Work to be completed. Transcribe only what runs from the line containing "① 용인시 공식 SNS" through the end of the listing, line for line and exactly, and omit the pictures.

Dataset content.
--- START ---

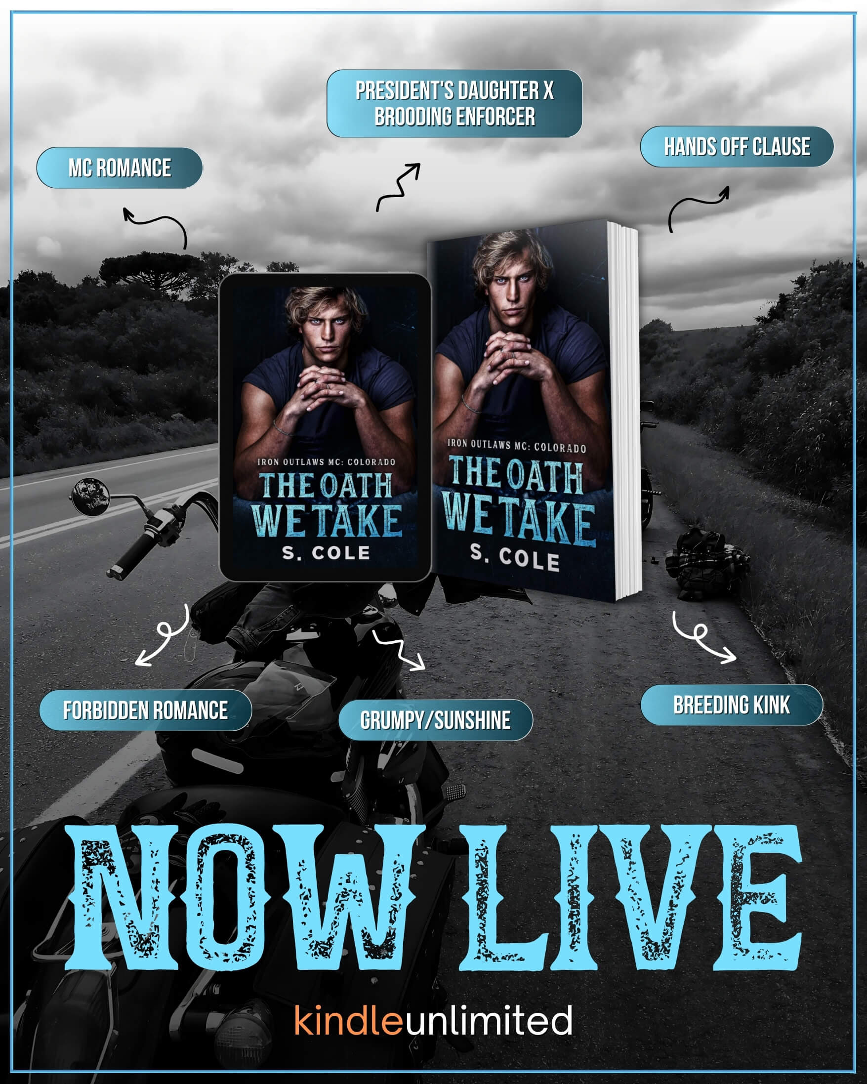The Oath We Take is book two in the Iron Outlaws MC Colorado Series. This is a second chance, forbidden, grumpy/sunshine romance. This story focused on Atom a.k.a. Hudson and Ember.
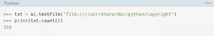 创建RDDs的另一种方法是使用textFile()读入一个文件,你在前面的示例中已经看到了该方法。RDDs是使用PySpark的基本数据结构之一,因此API中的许多函数都会返回RDDs。
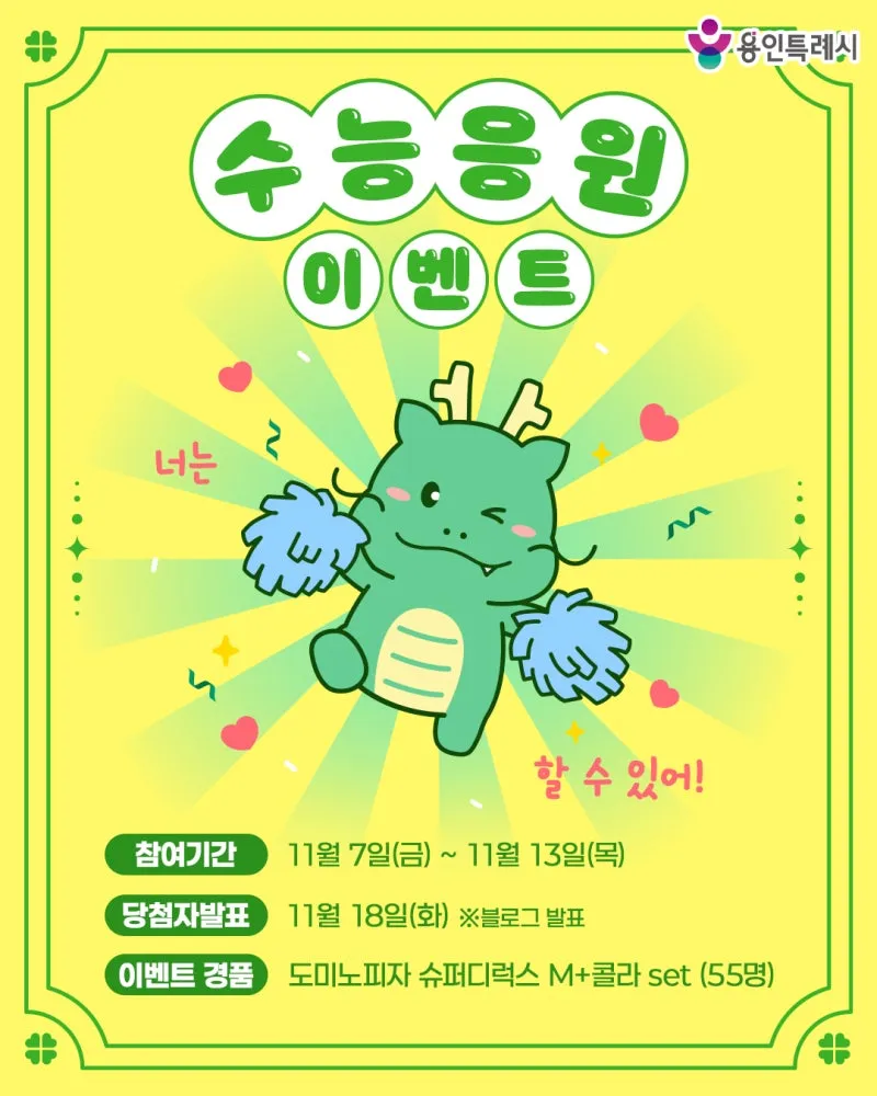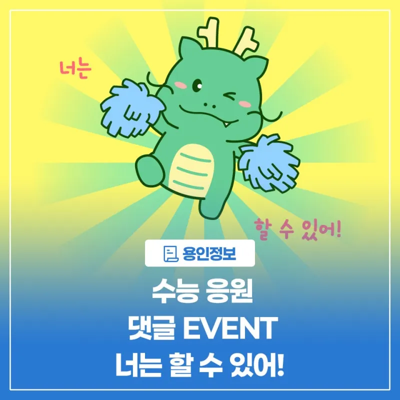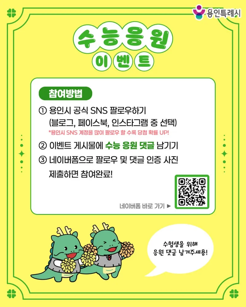 ① 용인시 공식 SNS 계정 팔로우하기 (블로그, 페이스북, 인스타그램 중 선택) *용인시 SNS 계정을 많이 팔로우 할 수록 당첨확률 UP! ② 이벤트 게시물에 수능 응원 댓글 남기기 ③ 네이버폼으로 팔로우 및 댓글 인증 사진 제출하면 참여완료! |
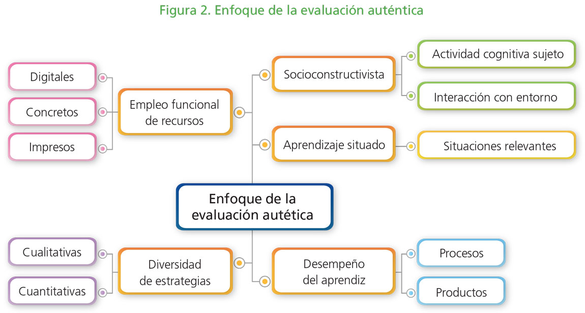 Las rúbricas permiten valorar actividades vinculadas a procedimientos, productos y disposiciones a la acción que tienen sentido para los alumnos, lo cual les ayuda en su proceso de aprendizaje. Algunos autores consideran que estos instrumentos propician lo que se denomina evaluación auténtica. [La evaluación auténtica consiste en propiciar] que los aprendices resuelvan activamente tareas complejas y auténticas mientras usan sus conocimientos previos, el aprendizaje reciente y las habilidades relevantes para la solución de problemas reales (Herman, Aschbacher y Winters, 1992, p. 2, citado en Díaz Barriga, 2006, pp. 126-127). La evaluación auténtica va un paso más allá en el sentido de que destaca la importancia de la aplicación de la habilidad en el contexto de una situación relevante en la vida real, es decir, se despliega una competencia (Díaz Barriga, 2006, p. 127). A partir del enfoque de la evaluación auténtica (figura 2), se puede redimensionar la potencialidad de las rúbricas como facilitadoras de la autorregulación y la autonomía, que son dos habilidades para la vida que forman parte de la educación socioemocional de los estudiantes.

--- END ---

Exercise solution.
 ① 용인시 공식 SNS 계정 팔로우하기 (블로그, 페이스북, 인스타그램 중 선택) *용인시 SNS 계정을 많이 팔로우 할 수록 당첨확률 UP! ② 이벤트 게시물에 수능 응원 댓글 남기기 ③ 네이버폼으로 팔로우 및 댓글 인증 사진 제출하면 참여완료! |
 Las rúbricas permiten valorar actividades vinculadas a procedimientos, productos y disposiciones a la acción que tienen sentido para los alumnos, lo cual les ayuda en su proceso de aprendizaje. Algunos autores consideran que estos instrumentos propician lo que se denomina evaluación auténtica. [La evaluación auténtica consiste en propiciar] que los aprendices resuelvan activamente tareas complejas y auténticas mientras usan sus conocimientos previos, el aprendizaje reciente y las habilidades relevantes para la solución de problemas reales (Herman, Aschbacher y Winters, 1992, p. 2, citado en Díaz Barriga, 2006, pp. 126-127). La evaluación auténtica va un paso más allá en el sentido de que destaca la importancia de la aplicación de la habilidad en el contexto de una situación relevante en la vida real, es decir, se despliega una competencia (Díaz Barriga, 2006, p. 127). A partir del enfoque de la evaluación auténtica (figura 2), se puede redimensionar la potencialidad de las rúbricas como facilitadoras de la autorregulación y la autonomía, que son dos habilidades para la vida que forman parte de la educación socioemocional de los estudiantes.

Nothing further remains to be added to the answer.